I've taken a small break to do some Hsing-I otherwise it's been all Hung-Ga. While I find all martial arts fascinating I really haven't found a need to look outside my chosen art.


----------



## Almost (Nov 14, 2008)

I used to study Karate as a kid but i never got very far but what i did learn i took with me for a while. Now i've been studying Pai Lum for over a year and it really changed my thinking of blocking and fighting. Karate blocks were so hard and straight that it was hard to adapt and think of blocks and angles and such. The transition was odd but well worth it. So really now Pai Lum is all I do and with the depth its more than enough. I don't think i would have time/ want to train in anoy other style for two reasons. 1.) Pai Lum has such a broad range of techniques that i don't feel like i'm missin gout on kicking on punching or grapeling... 2.) You really should aproach each style with a clean slate.

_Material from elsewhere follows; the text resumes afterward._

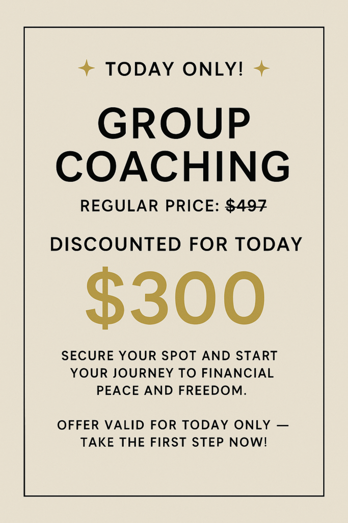 Get personalized, laser-focused financial coaching tailored to your goals, lifestyle, and challenges. With one-on-one guidance, you’ll gain clarity, master your money, and confidently take steps toward financial independence. This is your private roadmap to peace, power, and financial freedom. Choose a time that suits you for the 6 coaching sessions.

To really learn what the style is about a new mind set is need to really get the full experence.

Just my thoughts.


----------



## geezer (Nov 15, 2008)

_


Almost said:



			So really now Pai Lum is all I do and with the depth its more than enough. I don't think i would have time/ want to train in anoy other style for two reasons. 1.) Pai Lum has such a broad range of techniques that i don't feel like i'm missin gout on kicking on punching or grapeling... 
		
Click to expand...

_


Almost said:


> > I started out  in the mid -70's with a simplified or introductory version of Pai Lum taught by David L. Smith of New London, Ct. (If anybody knows where to reach him please PM me). Then I took up Wing Chun in '79 and in '80 began training with GM Leung Ting in his "Wing Tsun" subsystem. I stayed with him for about a dozen years before succumbing to a severe MA burnout. I also began training Combat Escrima with Rene Latosa back in '85. I dropped it all by about '92. Last year I got back into it with my old WT and Escrima brothers. Two of my former students now each have over 25 years experience and have attained master level in WT and Escrima respectively. They eventually separated from their parent associations and just do their own thing, and each is very good. Now they are _my_ teachers as well as my friends. I have kissed politics goodbye, I just train for myself and love what I'm learning.


----------



## sjansen (Nov 16, 2008)

I was told "shame on you" for studying other arts. This only drove me want to do it more. I study my main art and kenpo and kali/silat.


----------



## ChukaSifu2 (Nov 16, 2008)

There's nothing wrong with training other styles as long as your base style is ingrained in you well enough, so as not to hinder your growth by training other styles before you really understand the main principles of your style.
 Otherwise you may find yourself fighting the 2 steps forward, 1 step back with all of your training.


----------



## sjansen (Nov 16, 2008)

ChukaSifu2 said:


> There's nothing wrong with training other styles as long as your base style is ingrained in you well enough, so as not to hinder your growth by training other styles before you really understand the main principles of your style.
> Otherwise you may find yourself fighting the 2 steps forward, 1 step back with all of your training.


 
I totaly agree


----------



## Phoenix44 (Nov 17, 2008)

Tai chi 3 years, and I recently started training in choy lay fut, but I practiced karate for 12 years.


----------



## Ninebird8 (Nov 17, 2008)

All my arts are CMA and "bird derivatives." That means Ying Jow Pai eagle claw, Nine Bird Wudan Shaolin, and Ba Mei southern white crane, with Yang style tai chi thrown in. I have learned these from 3 very different and diverse teachers! ( One is Chinese and now older, one is black but grew up training from age 3-15 in Hong Kong and is fluent in Chinese/Vietnamese as well as English,and a middle aged skinny white guy with incredible fa jing who is the senior of a very famous master from Boston and Taiwan). They all taught me different things over the last 30+ years, but I was always in Chinese arts. However, I also discreetly learned some tae kwon do in the early days from such greats in Texas as Tim Kirby, Ray McCallum, and other seniors of Demetrius Golden Greek Havanas, just learning sparring and kicking techniques from them. My first wife was Filipino, and she taught me kali and espada y espada, since her province of Bisayan is reknowned for female knife fighters. 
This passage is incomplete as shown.